**** Data for analysis
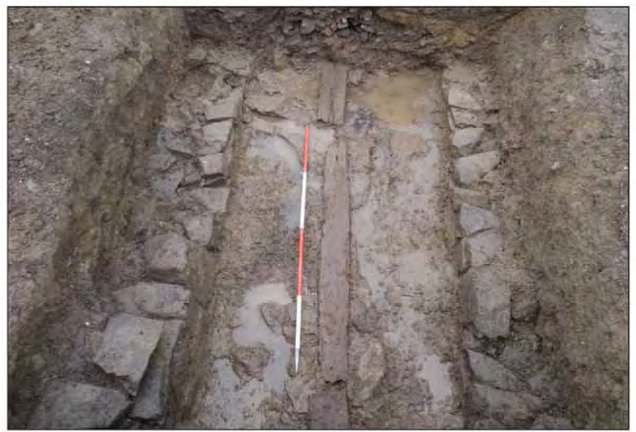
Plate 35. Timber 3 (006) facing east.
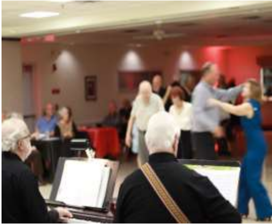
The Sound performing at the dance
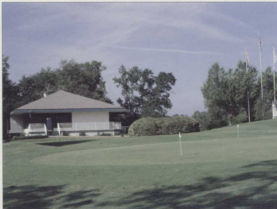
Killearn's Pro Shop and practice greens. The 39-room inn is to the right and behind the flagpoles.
********
**** Data for analysis
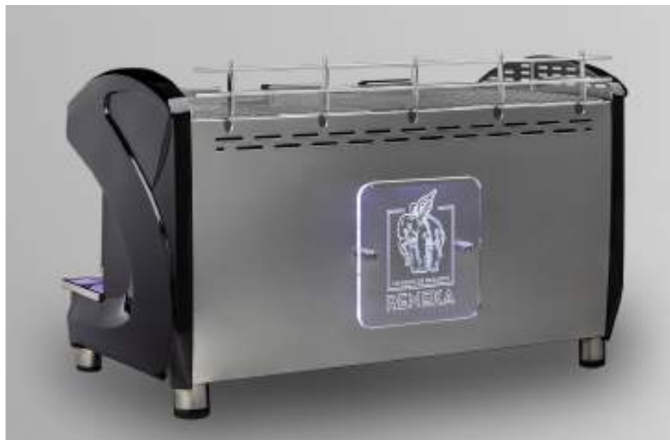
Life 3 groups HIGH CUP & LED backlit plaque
********
** Problem requirements **
Look above for the line with "Plate 35. Timber 3 (006) facing east." and the line with "Killearn's Pro Shop", then copy them and all lines in between exactly as written, and only those, without any pictures.

** Task result **
Plate 35. Timber 3 (006) facing east.
The Sound performing at the dance
Killearn's Pro Shop and practice greens. The 39-room inn is to the right and behind the flagpoles.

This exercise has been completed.